With the large numbers of works now available, such laborious categorization becomes unfeasible, and automatic classification makes numerous errors. Within RePEc, we rely on the authors themselves to perform the classification. When they register in the RePEc Author Service, they have the opportunity to enter all the possible name variations in they may be listed in a bibliographic record. For John Maynard Keynes (who is not registered), such name variations could be:

John Maynard Keynes
John M. Keynes
John Keynes
J. M. Keynes
J. Keynes
Keynes, John Maynard
Keynes, John M.
Keynes, John
Keynes, J. M.
Keynes, J.

In addition, an author may have changed names (through marriage), be listed with a title (Prof., Sir) or with a suffix (Jr, Sr, III). Variations multiply if names have accents, which some publishers do not take into account or encode in the wrong character set. The possibilities are numerous. The registered author is then offered first suggestions of works that match the name variations and then suggestions that offer some close match to name variations (typographical errors happen). The author can then accept these works or reject them.

The RePEc Author Service has so far managed to collect data from close to 16,000 authors who have claimed over 300,000 works as theirs. Such data is in particular used to increase the accuracy of various rankings. And within this set of authors, there is already a large number of homonyms, even when one looks beyond the initial of the first name, which is the precision that some other services have.

If you know of other homonyms in the profession, encourage them to register!


The RePEc budget for 2008

March 9, 2008
  Budget 2007 Effective 2007 Budget 2008
Expenses US$0.00 US$0.00 US$0.00
Revenues US$0.00 US$0.00 US$0.00

Thanks to all our volunteers!


RePEc in February 2008

March 2, 2008

Every month, a short summary of what happened with RePEc is sent to the RePEc-announce mailing list. I also put that message, slightly adapted, on this blog.

During this month, IDEAS moved to a new server sponsored by the Society for Economic Dynamics. It continues to be hosted by the University of Connecticut and is now located on a faster line to the Internet.
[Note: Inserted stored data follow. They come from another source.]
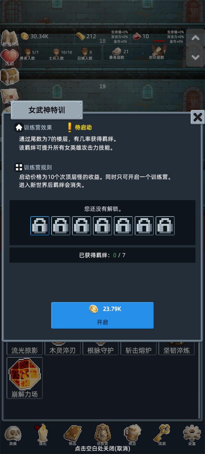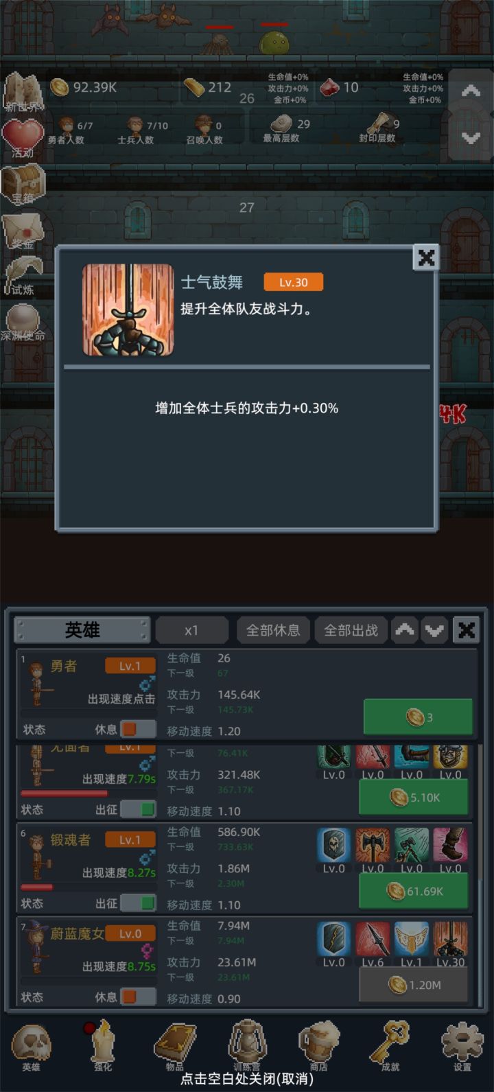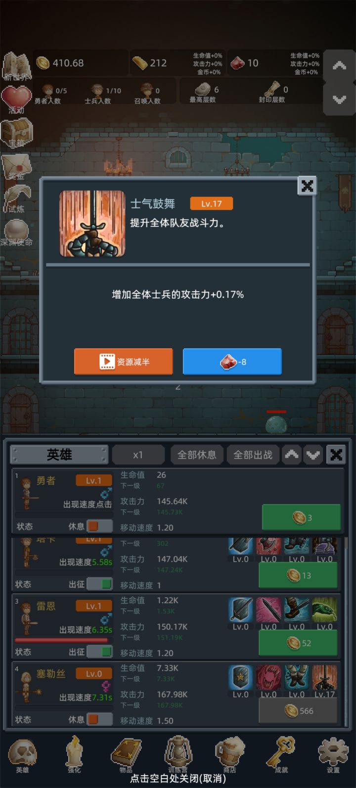 新手起步详细攻略1,先加群,搞兑换码,红宝石主要升级塞勒丝和蔚蓝魔女的4技能(图3,图4),金条用于买商店的勇者之赐(图2)2,金币优先开新兵种,提升大于升级兵种3,第一局先想办法打到100层,然后重置新世界,第二局慢慢苟到150层开试炼,然后就可以开始速刷了。速刷开始,1,手动出勇者,勇者升到5级,金币一够就出新士兵,到勇者不能秒怪为止。2,勇者不能秒怪了,就在商店点出白玲,训练营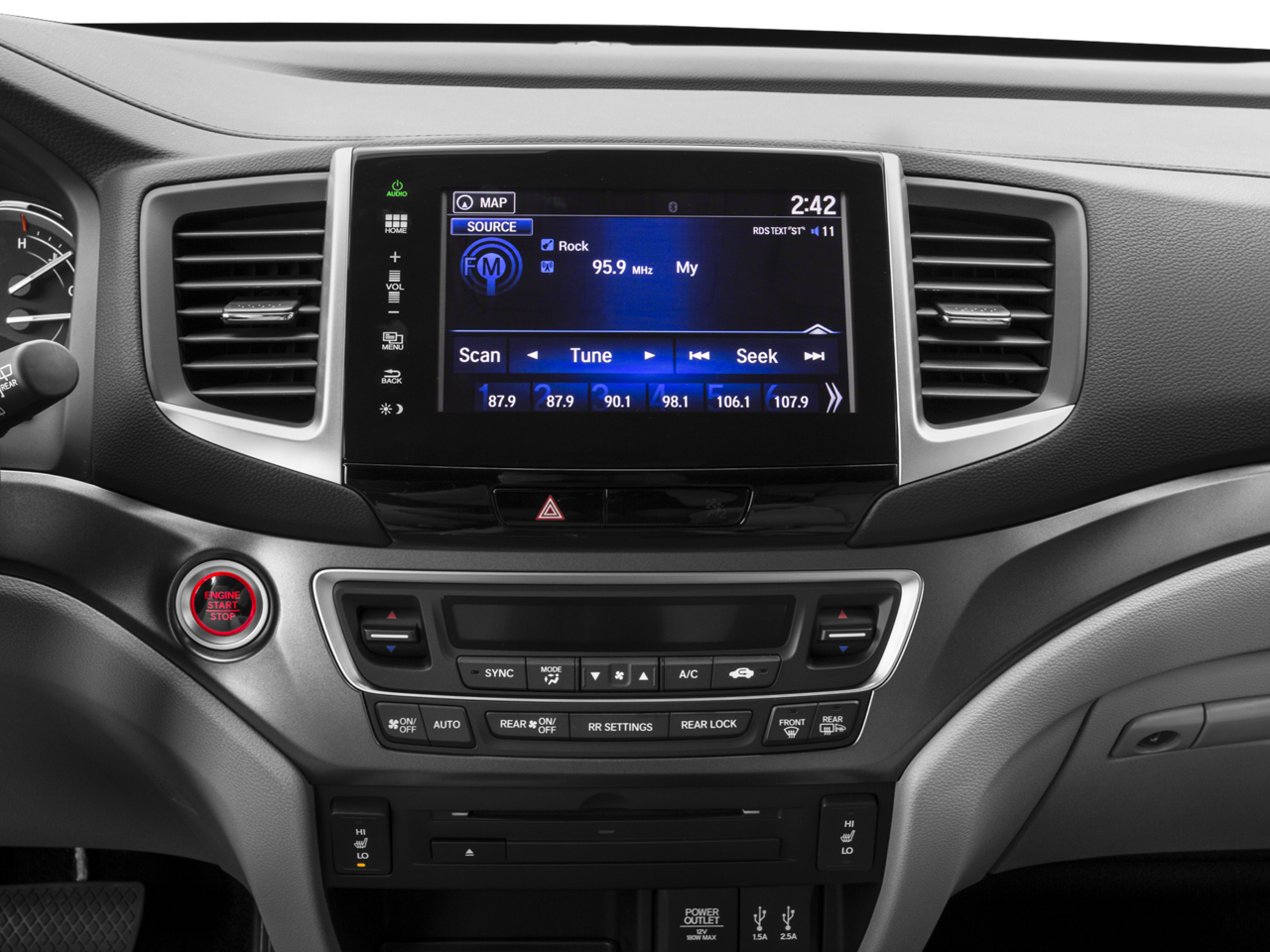 - Radio: AM/FM Audio System -inc: 225-Watt, 7 speakers including subwoofer, Bluetooth® HandsFreeLink, Bluetooth® streaming audio, MP3/auxiliary input jack, MP3/Windows Media Audio (WMA) playback capability, Radio Data System (RDS), Speed-Sensitive Volume Control (SVC), USB audio interface w/1.5-Amp and 2.5-Amp charging ports in front and 2.5-Amp charging port in center console, 8" display audio w/high-resolution WVGA (800x480) electrostatic touch-screen and customizable feature settings, HondaLink Next Generation, SMS text message function, Pandora compatibility and Song By Voice (SBV)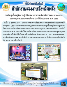 แรงงานจังหวัดตรัง ร่วมการประชุมชี้แจงคู่มือการปฏิบัติงานโครงการการบริหารจัดการแรงงานนอกระบบ แรงงานสูงอายุ และแรงงานพิการ ประจำปีงบประมาณ พ.ศ. 2565

In terms of traffic, 613,984 file downloads and 2,246,241 abstract views were recorded within the month, once more significantly up from a year ago. This leads us to the thresholds we have passed this month:

40,000,000 cumulative article abstract views on all RePEc services
25,000,000 cumulative abstract views on EconPapers
300,000 items claimed by registered authors
100,000 JEL codes papers
20,000 unique subscribers in NEP
2,800 journals and series


Volunteer recognition: Thomas Krichel

February 21, 2008

Thomas Krichel is not just a RePEc volunteer, he is RePEc. In 1991, as an research assistant at the Economic Department of Loughborough University, he saw the potential that the Internet gave for the dissemination of research in Economics, but could not manage to get a hold on good data about new working papers. In February 1993, on a lectureship at the University of Surrey, he was more lucky and teamed with Féthy Mili, Economics librarian at the Université de Montréal, who contributed data on 250 series, and Hans Amman (University of Amsterdam), who let Thomas use his coryfee mailing list. Bob Parks soon joined with his Economics Working Paper Archive at Washington University. Thus the NetEc project was launched. It moved to a gopher server at the Manchester Computing Centre in 1993, and then to the web. That year, Thomas also got help in collecting data from José Manuel Barrueco Cruz, Economics librarian at the University of Valencia. But soon they realized that there was too much information out on the Internet for just the two of them to collect.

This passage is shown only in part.